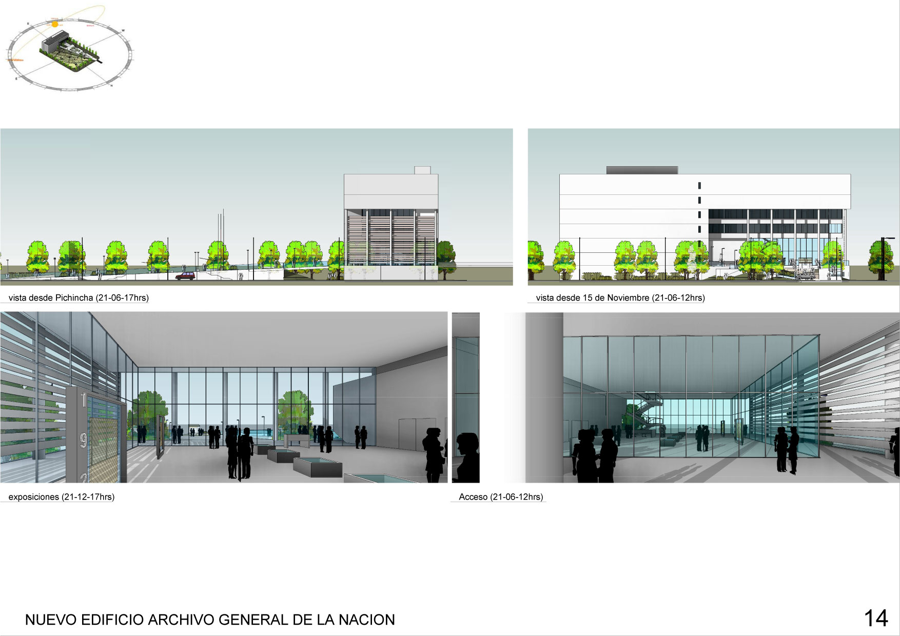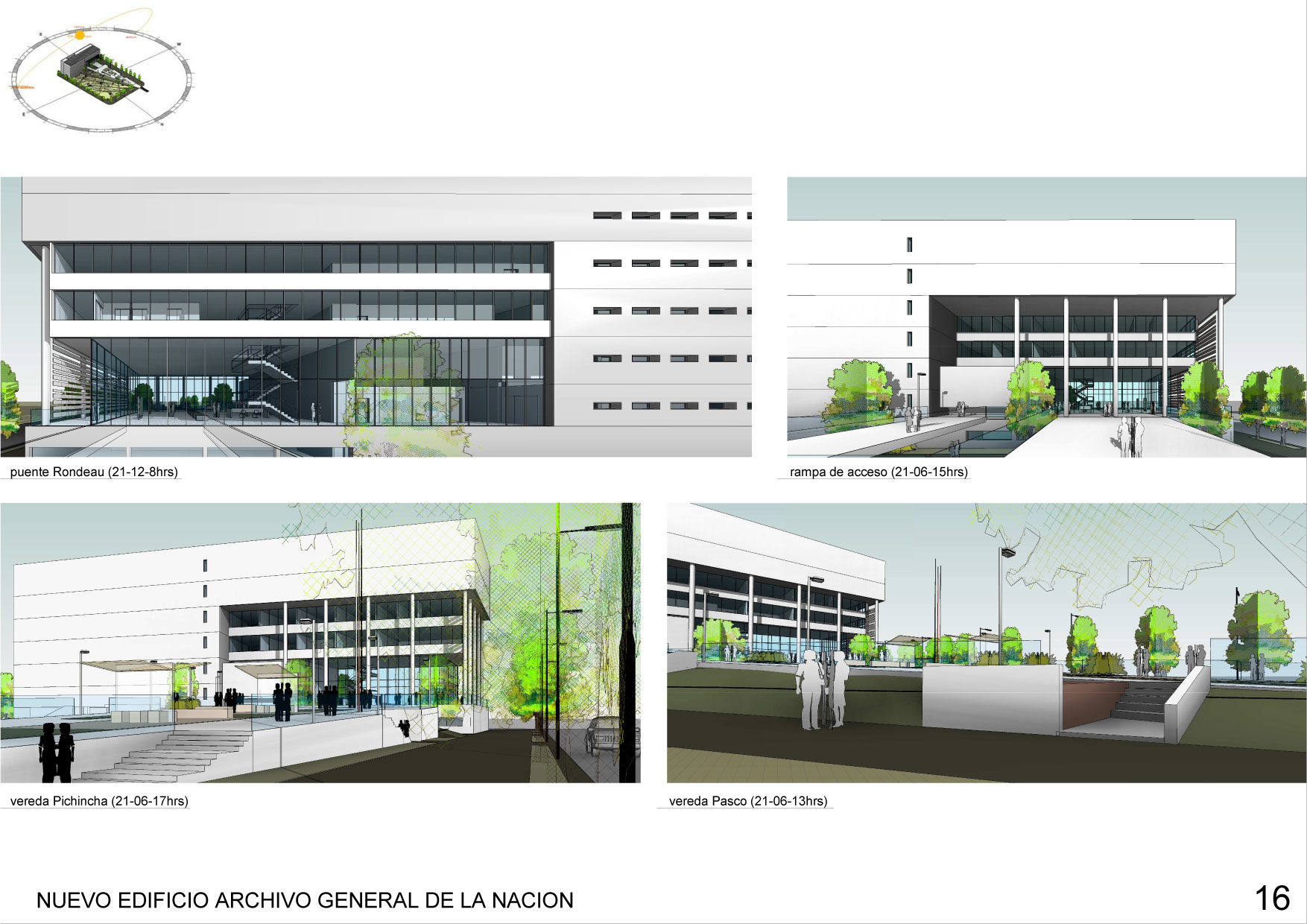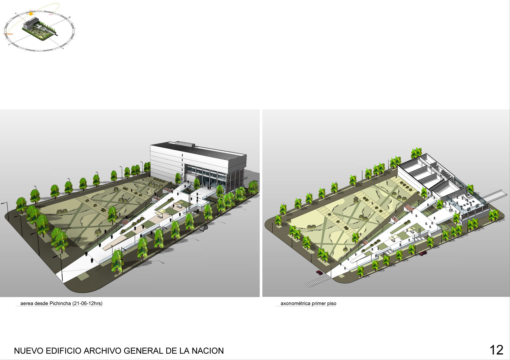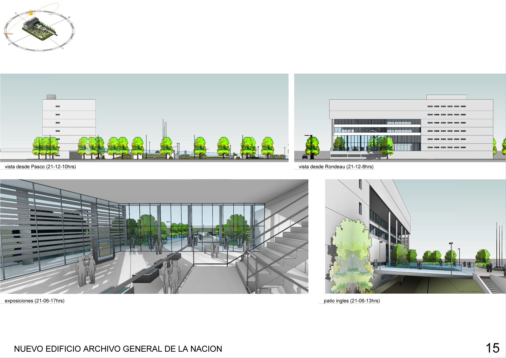 Proponemos entonces crear un gran paseo público utilizando la calle Pichincha como enlace y eje de vinculación entre el parque Vuelta de Obligado, el Garraham, el Archivo General, la ex Carcel de Caseros y el Parque Florentino Ameghino. Una gran Plaza del Archivo arranca en la Avenida 15 de Noviembre y a modo de explanada ó rampa de suave pendiente nos va conduciendo al Piano Nóbile del edificio de doble altura visualizando como telón de fondo el edificio de la ex Carcel con su arquitectura paradigmática, convertida en futuro Centro Cultural. De esta manera el contenido documental de las exposiciones se conecta con el sitio real, donde las vistas tanto de la Ex Carcel como del entorno inmediato se convierten en parte de los elementos expuestos. Se prevé la prolongación de la rampa, con un puente que cruce la calle Rondeau como extensión del hall de acceso del Archivo para continuar el circuito
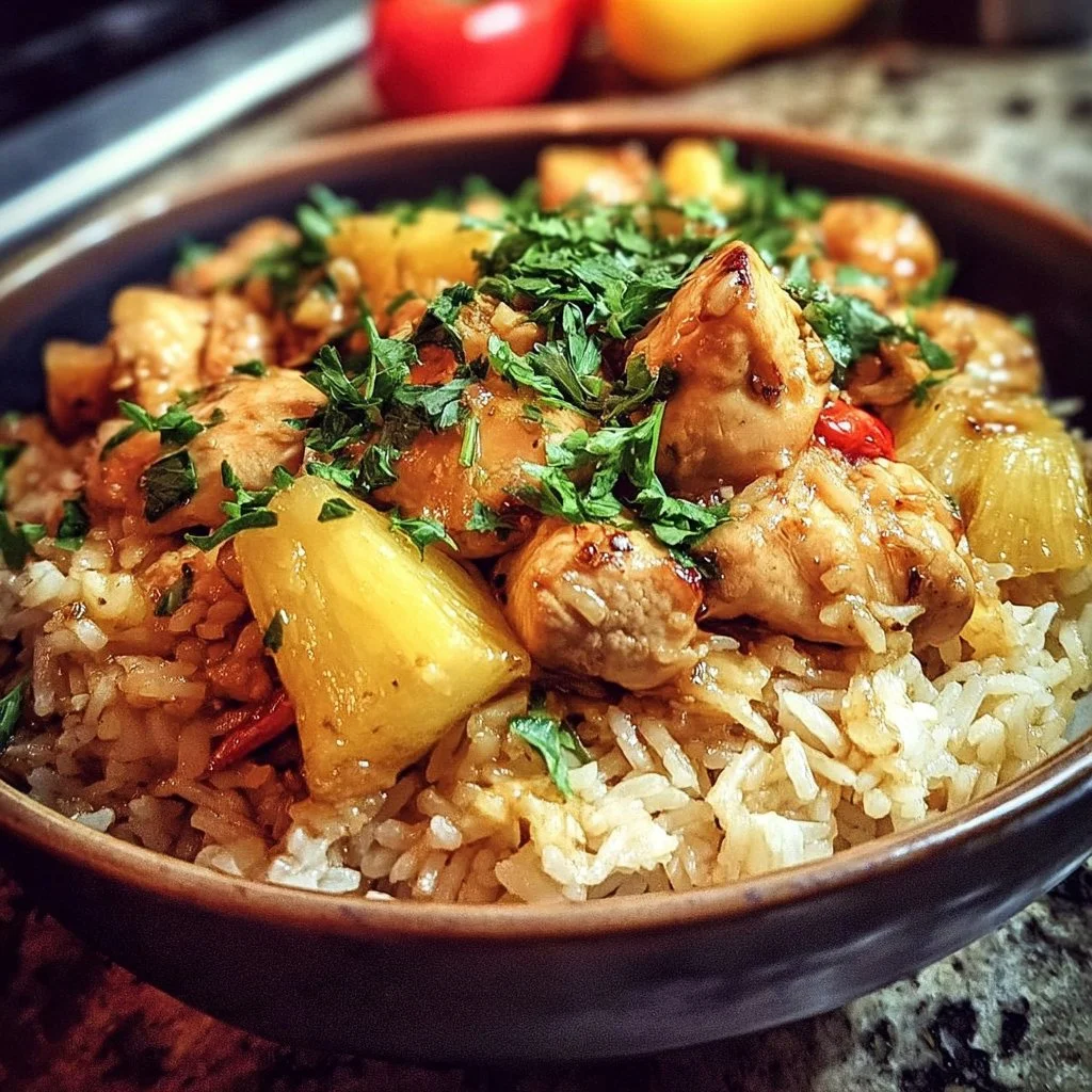 A vibrant dish that fuses savory chicken with sweet pineapple, enveloped in comforting rice.
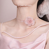 IPINK粉色玫瑰花丝带choker蝴蝶结项链女高级感锁骨链度假饰品
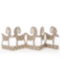 A beautiful Christmas decoration to display on the table or in the window. Unfold it like an accordion and it stands on its own. Made from handmade Lokta paper in white and brown. The foldable row of Christmas trees is easy to fold and reuse.

================

**Work instructions:**
Your reply should give again exactly the lines from the one with "IPINK粉色玫瑰花丝带choker蝴蝶结项链女高级感锁骨链度假饰品" through the last line of the data, with both ends included and pictures left out.

**Task answer:**
 IPINK粉色玫瑰花丝带choker蝴蝶结项链女高级感锁骨链度假饰品
 A beautiful Christmas decoration to display on the table or in the window. Unfold it like an accordion and it stands on its own. Made from handmade Lokta paper in white and brown. The foldable row of Christmas trees is easy to fold and reuse.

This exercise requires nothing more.